▶ _What you have to do_:
All lines in the records below from the line with "在 50070 之上,看涨,目标价位为 50690 ,然后为 50980 。" through the line with "唐朝的猴子和猪都能说人话,为" are to be given again exactly, both ends included; the pictures are to be left out.

Records Start Marker

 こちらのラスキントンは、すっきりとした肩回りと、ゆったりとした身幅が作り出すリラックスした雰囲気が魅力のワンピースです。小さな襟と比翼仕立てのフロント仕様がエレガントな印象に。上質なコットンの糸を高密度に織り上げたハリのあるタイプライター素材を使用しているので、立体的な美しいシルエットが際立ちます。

Records End Marker
Records Start Marker

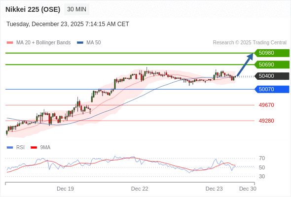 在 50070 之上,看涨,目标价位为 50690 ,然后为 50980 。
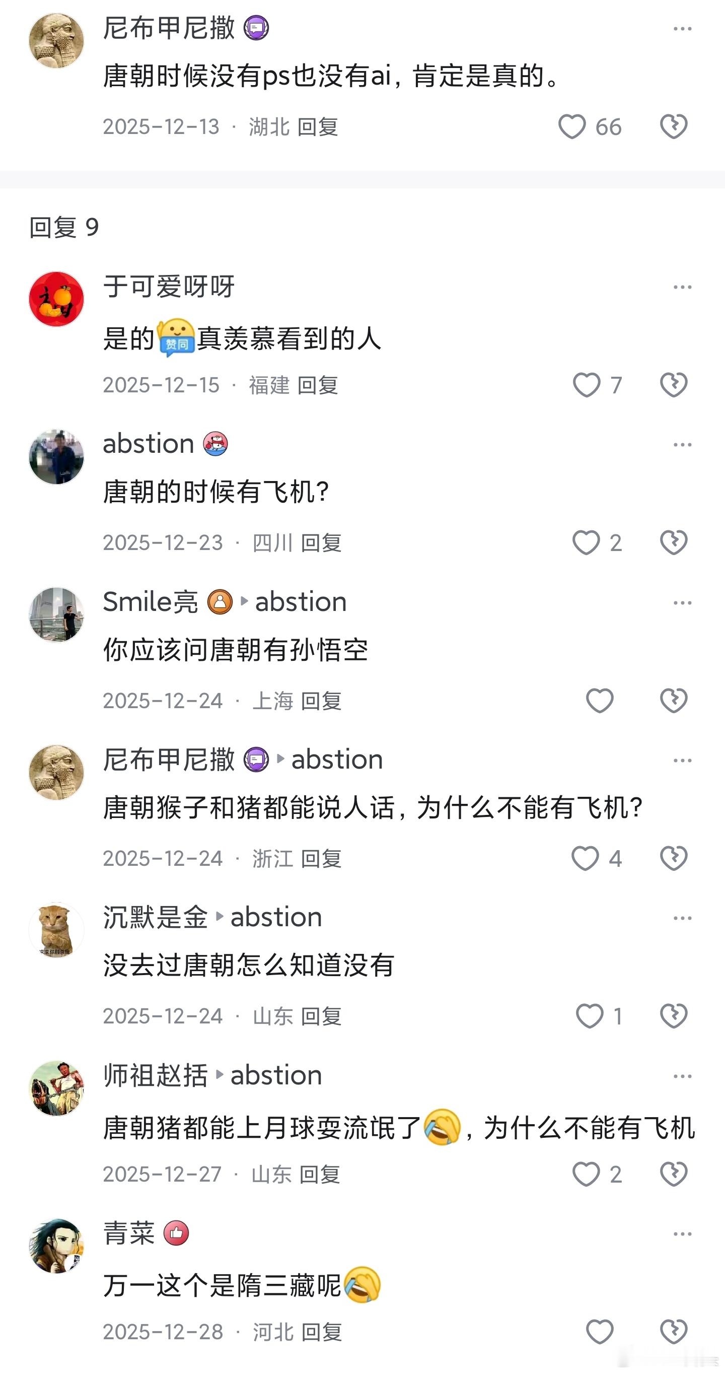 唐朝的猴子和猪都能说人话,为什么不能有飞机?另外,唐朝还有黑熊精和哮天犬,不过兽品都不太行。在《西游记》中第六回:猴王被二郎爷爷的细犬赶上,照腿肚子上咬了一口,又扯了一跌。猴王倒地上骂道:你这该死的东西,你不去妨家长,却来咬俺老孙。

Records End Marker

▶ _Written answer_:
 在 50070 之上,看涨,目标价位为 50690 ,然后为 50980 。
 唐朝的猴子和猪都能说人话,为什么不能有飞机?另外,唐朝还有黑熊精和哮天犬,不过兽品都不太行。在《西游记》中第六回:猴王被二郎爷爷的细犬赶上,照腿肚子上咬了一口,又扯了一跌。猴王倒地上骂道:你这该死的东西,你不去妨家长,却来咬俺老孙。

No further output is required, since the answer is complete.